NORTH CAROLINA COURT OF APPEALS

Filed: 7 May 2002

CHARLES MARTIN
        Plaintiff,
v .    

PATRICE PARKER
        Defendant.

    Appeal by plaintiff from judgment entered 25 April 2001 by Judge Kimberly S. Taylor in Union County Superior Court. Heard in the Court of Appeals 28 March 2002.

    Sellers, Hinshaw, Ayers, Dortch and Lyons, P.A., by Robert C. Dortch, Jr. and Robert A. Whitlow, for plaintiff-appellant.

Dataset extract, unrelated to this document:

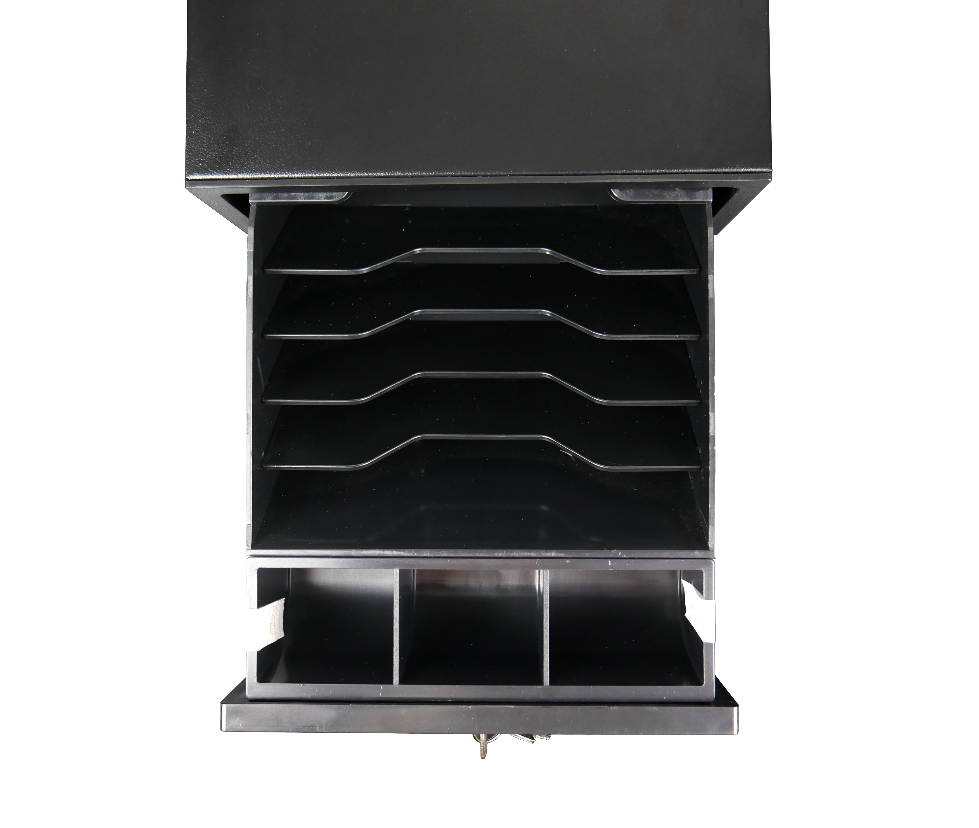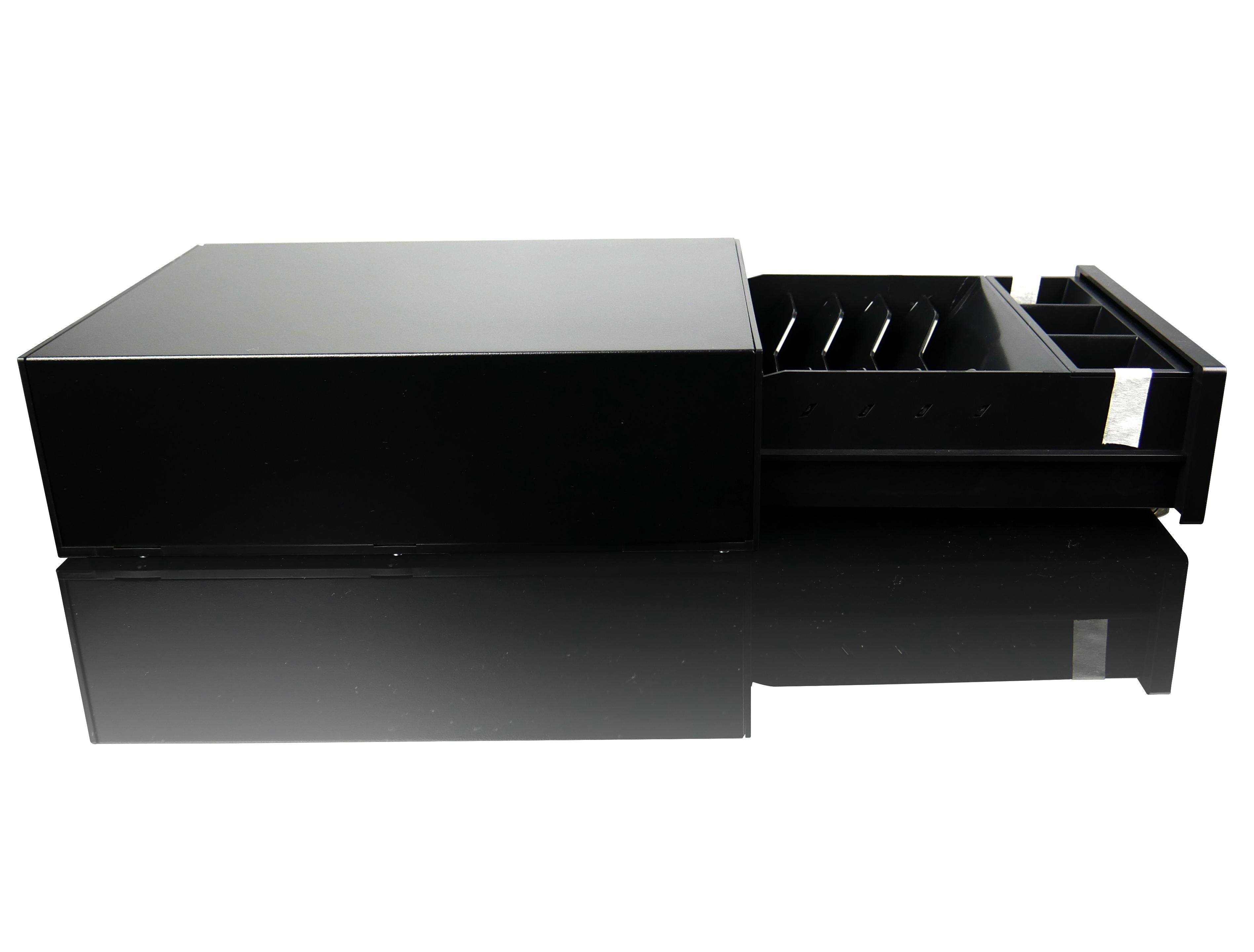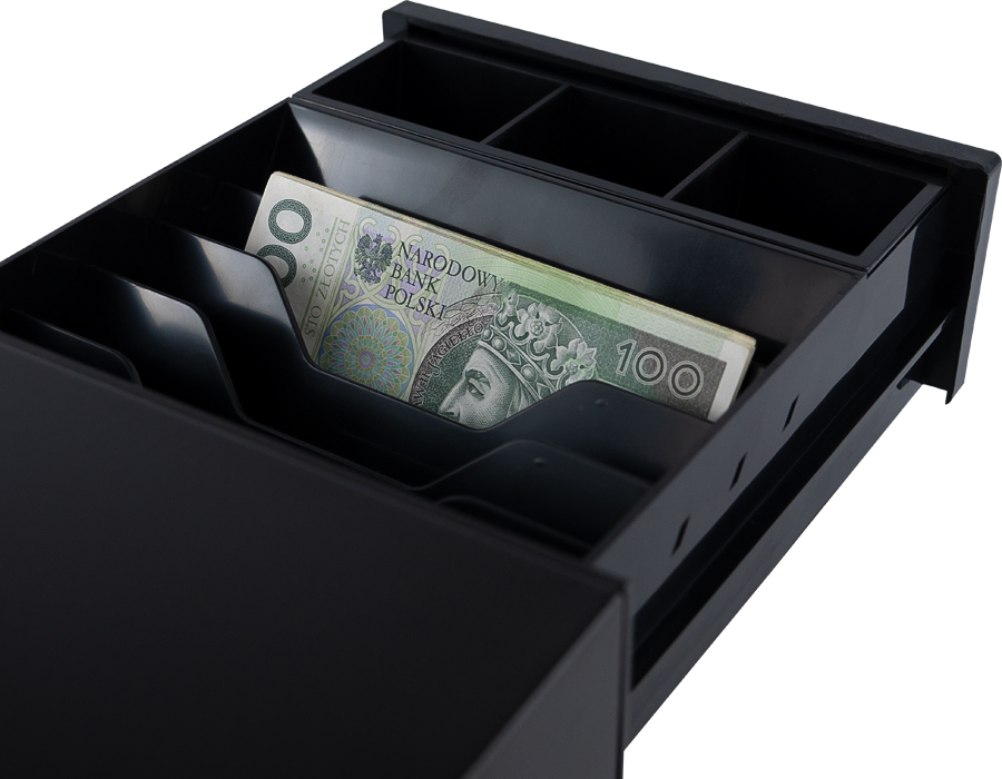 W celu utrzymania porządku i zapewnienia wygody urządzenie zostało wyposażone w 5 przegród na banknoty i 3 przegrody przeznaczone na monety. Pozostałe środki płatnicze jak bony, talony, czeki czy potwierdzenia płatności można przechowywać pod wyjmowanym organizerem na monety, co dodatkowo ułatwiaotwór o szerokości 16 cm, eliminując konieczność otwierania szuflady.

    Dean & Gibson, L.L.P., by I. Timothy Zarsadias, for defendant- appellee.

    TYSON, Judge.

    Charles Martin (“plaintiff”) appeals from the trial court's grant of Patrice Parker's (“defendant”) motion for summary judgment. We affirm the judgment of the trial court.

I. Facts

    
Plaintiff is the father of two sons (“Martin boys”) who attended Parkwood Middle School (“school”). Defendant is a computer lab instructor at the school where she taught the Martin boys. On their first day back after a one week absence due to the recent and unexpected death of the Martin boys' sister, defendant punished one of plaintiff's sons for forgetting his computer password by requiring that he write his password 100 times. Defendant testified that she was unaware of the sister's death atthe time of the punishment, even though both her students had been absent from school the previous week.
    Plaintiff met with defendant on 14 October 1999 to discuss whether defendant could reduce his sons' workload. Defendant complained that plaintiff used profane language during the meeting, and that plaintiff threatened and intimidated her by throwing a paper note containing the password and punishment toward defendant. Plaintiff denied threatening, intimidating, or using profanity during the meeting. Plaintiff wrote and delivered a letter to defendant that contained an apology for any misunderstanding stemming from the meeting.
    At a subsequent meeting on 2 November 1999 between plaintiff, defendant, Principal Larry B. Stinson (“Principal Stinson”), and the school's Resource Officer, William A. Thompson (“Officer Thompson”), defendant demanded a verbal apology from plaintiff. At that meeting plaintiff read the earlier letter he had written to defendant. Defendant again refused to accept plaintiff's apology and instructed Officer Thompson to issue a disorderly conduct citation (“citation”) to plaintiff. During the issuance of the citation, Officer Thompson informed plaintiff that if plaintiff would apologize to defendant the charges would be dropped. Plaintiff refused and stated that he did not believe he did anything wrong. Plaintiff also stated that he had apologized to defendant numerous times before. The citation required plaintiff to appear in district criminal court on 16 November 1999.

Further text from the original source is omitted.